Die Solidaritätsbewegung muss selbst entscheiden, welche Maßnahmen sie sich in welchem Kontext zutraut, und es spricht auch nichts dagegen, in Deutschland andere Begriffe zu verwenden. Worauf es ankommt, ist die Bereitschaft, Israel politisch zu isolieren, sei dies im Bereich der Wirtschaft, des Sports, der Kultur, der Wissenschaften oder sonst wo.
Solidarität mit einem mittlerweile in seiner gesellschaftlichen Existenz bedrohten Volk kann nicht erst dort ansetzen, wo dieses einen revolutionären Klassenkampf führt. Der in fortschrittlichen israelischen wie palästinensischen Kreisen geforderte Druck auf Israel fühlt sich gerade einem nicht ethnisch, religiös oder nationalistisch orientierten Ansatz verpflichtet und läuft auf die Anerkennung von Israel/Palästina als eines zum arabischen Raum gehörenden Landes mit einer national ausgesprochen durchmischten Bevölkerung hinaus.

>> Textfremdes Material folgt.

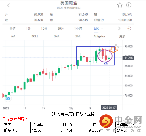 由于俄乌情势不明,加上美国与北大西洋公约组织(NATO)官员重申,未看到俄罗斯从乌克兰附近撤军的证据,以及美国总统拜登的一名高级官员昨日表示,俄罗斯最近几天在乌克兰边境附近增派多达7000名士兵等,一度激励油价上涨,但意外地,美EIA公布的当周原油库存出现库存增加112.1万桶,远大于预期减少157.2万桶,所以油价承压下行。另外,伊朗最高核谈判代表推文说,各方接近达成协议,可能为美国解除对伊制裁措施铺平道路,所以,在伊朗核协议出现乐观,伊朗油可望解禁进入市场,以及俄乌紧张情势可能进入谈判阶段而观望与暂缓下,成为高油价修正的机会。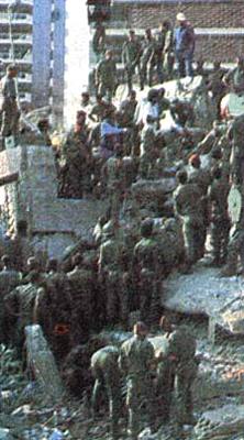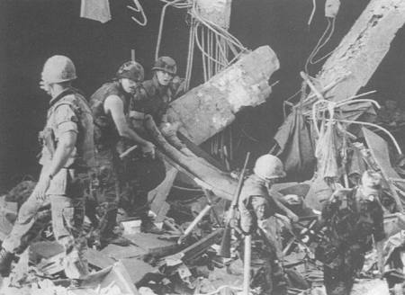 一輛裝著5000磅炸藥的卡車撞破環(huán)形圍欄闖入了營部,260名士兵被炸死 1983年10月25日,美國海軍總司令保羅-凱利到達(dá)貝魯特調(diào)查襲擊海軍司令部事。救援者已從綜合機(jī)場燒黑了的金屬和水泥里拖出216具死尸。大概還有30多具尸體仍在碎石里。人們提出了有關(guān)司令部的安全及里根政府卷入虛弱而不穩(wěn)定的黎巴嫩政治等新問題。 這次行動是一個死心塌地的恐怖主義者干的。他駕駛一輛裝有至少2500磅炸藥的梅賽德斯牌卡車,通過崗哨和設(shè)在司令部的路障之后,向大樓撞去。在一團(tuán)大火中大樓被炸毀。這一4層建筑立刻變成了一堆燃燒著的碎石。一個海軍發(fā)言人說:“除了在越南以外,我從沒見過如此大規(guī)模的屠殺。”貝魯特所有高大的建筑物在爆炸期間都在震顫。 襲擊過后兩分鐘,另一輛裝滿炸藥的卡車沖進(jìn)法國維持和平部隊駐地,58人死亡。 法國新聞社一個話務(wù)員說:這次爆炸是一個號稱自由伊斯蘭革命運(yùn)動組織干的。白宮官員說受譴責(zé)的應(yīng)是與伊朗有聯(lián)系的恐怖主義者。這兩項帶自殺性質(zhì)的任務(wù),與4月份襲擊美國大使館造成63人死亡的事件很相似。 一個海軍發(fā)言人說,美國大使館遭襲擊后對司令部仍未采取特殊的防衛(wèi)措施。里根的國會批評家們說:沒有明確規(guī)定在貝魯特的海軍陸戰(zhàn)隊的作用。少數(shù)派領(lǐng)袖、參議員羅伯特-伯德責(zé)備里根在外交政策上作了根本錯誤的估計。總統(tǒng)向貝魯特派遣300人來接替死傷的維持和平人員的工作。里根說:“堅持在貝魯特留駐陸戰(zhàn)隊對維護(hù)我們在全世界的聲譽(yù)來說是至關(guān)重要的。

Ansätze des Klassenkampfs gibt es sehr wohl, zu nennen wäre etwa die wertvolle Arbeit des Democratic Workers Rights Center in den besetzten Gebieten. Dennoch ist der Klassenkampf sowohl in der israelischen wie auch der palästinensischen Gesellschaft weitgehend blockiert durch eine rassistische (über Abstammung) definierte Vorherrschaft der jüdischen Gesellschaft über den Rest.

Was die arabischen Regimes des Nahen Ostens betrifft, geben sich gerade fortschrittliche PalästinenserInnen und weite Teile der Solidaritätsbewegung keinerlei Illusionen über deren teils reaktionären, teil pro-imperialistischen Kurs hin.

Aus der Geschichte Deutschlands (Österreichs etc.) lassen sich auch andere Schlüsse ableiten als Blindheit gegenüber der Politik des israelischen Staates, nur weil dort viele in Europa verfolgte Juden/Jüdinnen Zuflucht gefunden haben. Die Antideutschen bringen es auf den Punkt, wenn sie den jüdisch-israelischen Nationalismus als einzig legitimen bezeichnen. Viele MarxistInnen und andere kritische Geister haben seit den Anfängen des Zionismus Ende des 19. Jahrhunderts und über die Katastrophe der Shoah hinaus eine andere Schlussfolgerung gezogen und sich dagegen verwehrt, dass im Nahen Osten in Namen des jüdischem Volks ein nationalistisches Projekt gegen die palästinensische Bevölkerung verwirklicht wird, das nur im Kontext imperialistischer Interessenpolitik haltbar war und ist.